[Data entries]

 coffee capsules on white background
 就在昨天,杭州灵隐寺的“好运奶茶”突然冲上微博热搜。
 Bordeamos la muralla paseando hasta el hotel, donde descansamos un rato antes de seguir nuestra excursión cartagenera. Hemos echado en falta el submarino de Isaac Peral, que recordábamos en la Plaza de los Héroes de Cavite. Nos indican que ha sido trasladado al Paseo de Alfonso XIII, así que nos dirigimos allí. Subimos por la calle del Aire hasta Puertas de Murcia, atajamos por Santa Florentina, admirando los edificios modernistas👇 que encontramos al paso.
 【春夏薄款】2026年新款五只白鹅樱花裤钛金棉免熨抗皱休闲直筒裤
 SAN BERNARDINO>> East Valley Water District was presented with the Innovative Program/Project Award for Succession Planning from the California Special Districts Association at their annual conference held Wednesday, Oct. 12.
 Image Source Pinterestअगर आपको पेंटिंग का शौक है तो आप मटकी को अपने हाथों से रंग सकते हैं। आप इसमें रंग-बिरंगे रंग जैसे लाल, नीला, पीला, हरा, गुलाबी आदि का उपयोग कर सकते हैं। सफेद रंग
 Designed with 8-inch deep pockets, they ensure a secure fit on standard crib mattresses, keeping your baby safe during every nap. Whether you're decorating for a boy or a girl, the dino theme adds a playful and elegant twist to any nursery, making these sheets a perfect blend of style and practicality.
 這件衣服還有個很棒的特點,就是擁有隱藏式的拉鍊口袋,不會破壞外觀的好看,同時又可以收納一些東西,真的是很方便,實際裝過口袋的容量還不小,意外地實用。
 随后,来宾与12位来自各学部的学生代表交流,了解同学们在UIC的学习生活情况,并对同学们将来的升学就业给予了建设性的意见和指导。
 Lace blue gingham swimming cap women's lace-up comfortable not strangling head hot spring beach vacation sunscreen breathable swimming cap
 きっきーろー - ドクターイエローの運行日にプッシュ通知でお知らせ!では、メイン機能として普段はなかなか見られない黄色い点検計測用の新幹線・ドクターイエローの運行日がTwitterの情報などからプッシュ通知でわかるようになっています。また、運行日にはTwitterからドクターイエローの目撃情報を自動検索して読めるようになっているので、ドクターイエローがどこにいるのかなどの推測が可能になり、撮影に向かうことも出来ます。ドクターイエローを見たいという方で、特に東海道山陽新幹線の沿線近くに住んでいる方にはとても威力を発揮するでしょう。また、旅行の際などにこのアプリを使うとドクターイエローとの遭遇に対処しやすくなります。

*The task*
Restate the records above exactly.

*Solution to this exercise*
 coffee capsules on white background
 就在昨天,杭州灵隐寺的“好运奶茶”突然冲上微博热搜。
 Bordeamos la muralla paseando hasta el hotel, donde descansamos un rato antes de seguir nuestra excursión cartagenera. Hemos echado en falta el submarino de Isaac Peral, que recordábamos en la Plaza de los Héroes de Cavite. Nos indican que ha sido trasladado al Paseo de Alfonso XIII, así que nos dirigimos allí. Subimos por la calle del Aire hasta Puertas de Murcia, atajamos por Santa Florentina, admirando los edificios modernistas👇 que encontramos al paso.
 【春夏薄款】2026年新款五只白鹅樱花裤钛金棉免熨抗皱休闲直筒裤
 SAN BERNARDINO>> East Valley Water District was presented with the Innovative Program/Project Award for Succession Planning from the California Special Districts Association at their annual conference held Wednesday, Oct. 12.
 Image Source Pinterestअगर आपको पेंटिंग का शौक है तो आप मटकी को अपने हाथों से रंग सकते हैं। आप इसमें रंग-बिरंगे रंग जैसे लाल, नीला, पीला, हरा, गुलाबी आदि का उपयोग कर सकते हैं। सफेद रंग
 Designed with 8-inch deep pockets, they ensure a secure fit on standard crib mattresses, keeping your baby safe during every nap. Whether you're decorating for a boy or a girl, the dino theme adds a playful and elegant twist to any nursery, making these sheets a perfect blend of style and practicality.
 這件衣服還有個很棒的特點,就是擁有隱藏式的拉鍊口袋,不會破壞外觀的好看,同時又可以收納一些東西,真的是很方便,實際裝過口袋的容量還不小,意外地實用。
 随后,来宾与12位来自各学部的学生代表交流,了解同学们在UIC的学习生活情况,并对同学们将来的升学就业给予了建设性的意见和指导。
 Lace blue gingham swimming cap women's lace-up comfortable not strangling head hot spring beach vacation sunscreen breathable swimming cap
 きっきーろー - ドクターイエローの運行日にプッシュ通知でお知らせ!では、メイン機能として普段はなかなか見られない黄色い点検計測用の新幹線・ドクターイエローの運行日がTwitterの情報などからプッシュ通知でわかるようになっています。また、運行日にはTwitterからドクターイエローの目撃情報を自動検索して読めるようになっているので、ドクターイエローがどこにいるのかなどの推測が可能になり、撮影に向かうことも出来ます。ドクターイエローを見たいという方で、特に東海道山陽新幹線の沿線近くに住んでいる方にはとても威力を発揮するでしょう。また、旅行の際などにこのアプリを使うとドクターイエローとの遭遇に対処しやすくなります。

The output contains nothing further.